*** Available data ***

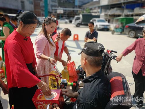 洞口县村播网红协会工作人员为残疾人发放礼品
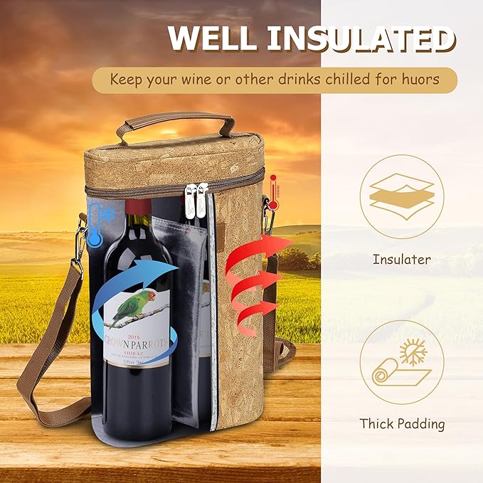 - LEAKPROOF & INSULATED-The leakproof lining ensures no spills, and the thermal insulation keeps your wine chilled for hours. With PU insulation and 5mm PE foam padding, this wine bottle carrier protects two bottles from external impact, making it an ideal grab bag gift for adults or white elephant gift.
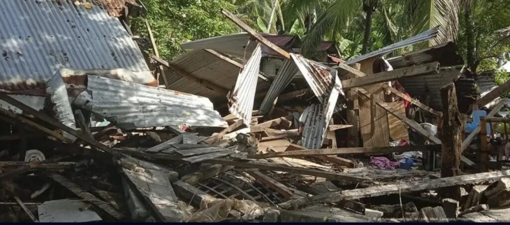 La oficina de la Cruz Roja de Filipinas en la provincia de Masbate publicó en las redes sociales imágenes de las consecuencias del terremoto, que provocó profundas gritas en calles y carreteras, desconchó fachadas de edificios de apartamentos, causó destrozos en el mercado público y en el puerto de Cataingan y derrumbó decenas de viviendas endebles ubicadas en las zonas más empobrecidas de la costa.
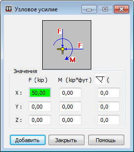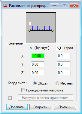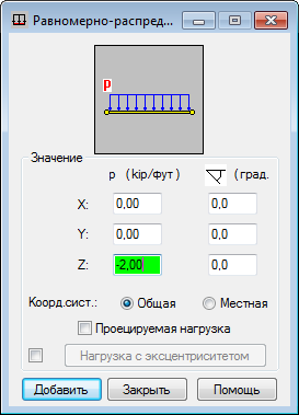Снимите флажок PX, а затем введите значение нагрузки -2 в поле PZ и нажмите Добавить.
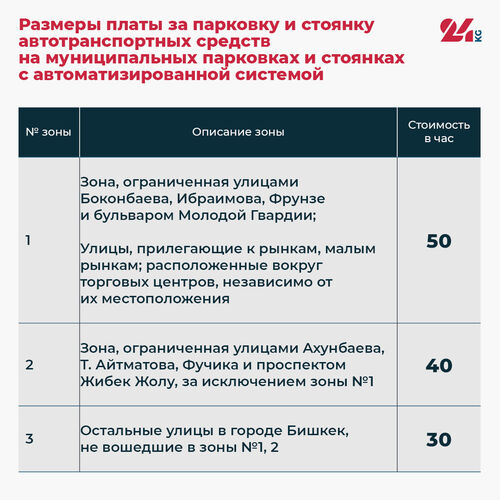 Отметим, мэрия предложила ввести дифференцированную (почасовую) оплату услуг парковочного пространства. В связи с этим в центральной части города планируется установить плату за парковку по зональному типу в размере от 40 до 60 сомов. При внедрении автоматизированной системы будут установлены тарифы от 30 до 50 сомов в час.
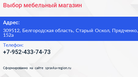 Выбор, мебельный магазин по адресу 309512, Белгородская область, Старый Оскол, Прядченко, 152а в дальнейшем Организация, размещена в следующих категориях:
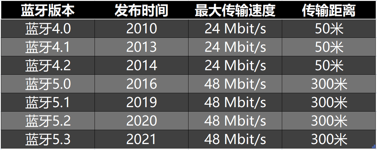 这里是每个蓝牙版本对应的性能。目前从蓝牙5.0开始到5.3,虽然传输速度和距离都没有变化,但是抗干扰、延迟及其他性能其实都随着版本迭代增强的。

*** End of Available data ***

__Task requirements__
Keep the pictures out while you retype all of the data above exactly as it appears.

__Response area__
 洞口县村播网红协会工作人员为残疾人发放礼品
 - LEAKPROOF & INSULATED-The leakproof lining ensures no spills, and the thermal insulation keeps your wine chilled for hours. With PU insulation and 5mm PE foam padding, this wine bottle carrier protects two bottles from external impact, making it an ideal grab bag gift for adults or white elephant gift.
 La oficina de la Cruz Roja de Filipinas en la provincia de Masbate publicó en las redes sociales imágenes de las consecuencias del terremoto, que provocó profundas gritas en calles y carreteras, desconchó fachadas de edificios de apartamentos, causó destrozos en el mercado público y en el puerto de Cataingan y derrumbó decenas de viviendas endebles ubicadas en las zonas más empobrecidas de la costa.
Снимите флажок PX, а затем введите значение нагрузки -2 в поле PZ и нажмите Добавить.
 Отметим, мэрия предложила ввести дифференцированную (почасовую) оплату услуг парковочного пространства. В связи с этим в центральной части города планируется установить плату за парковку по зональному типу в размере от 40 до 60 сомов. При внедрении автоматизированной системы будут установлены тарифы от 30 до 50 сомов в час.
 Выбор, мебельный магазин по адресу 309512, Белгородская область, Старый Оскол, Прядченко, 152а в дальнейшем Организация, размещена в следующих категориях:
 这里是每个蓝牙版本对应的性能。目前从蓝牙5.0开始到5.3,虽然传输速度和距离都没有变化,但是抗干扰、延迟及其他性能其实都随着版本迭代增强的。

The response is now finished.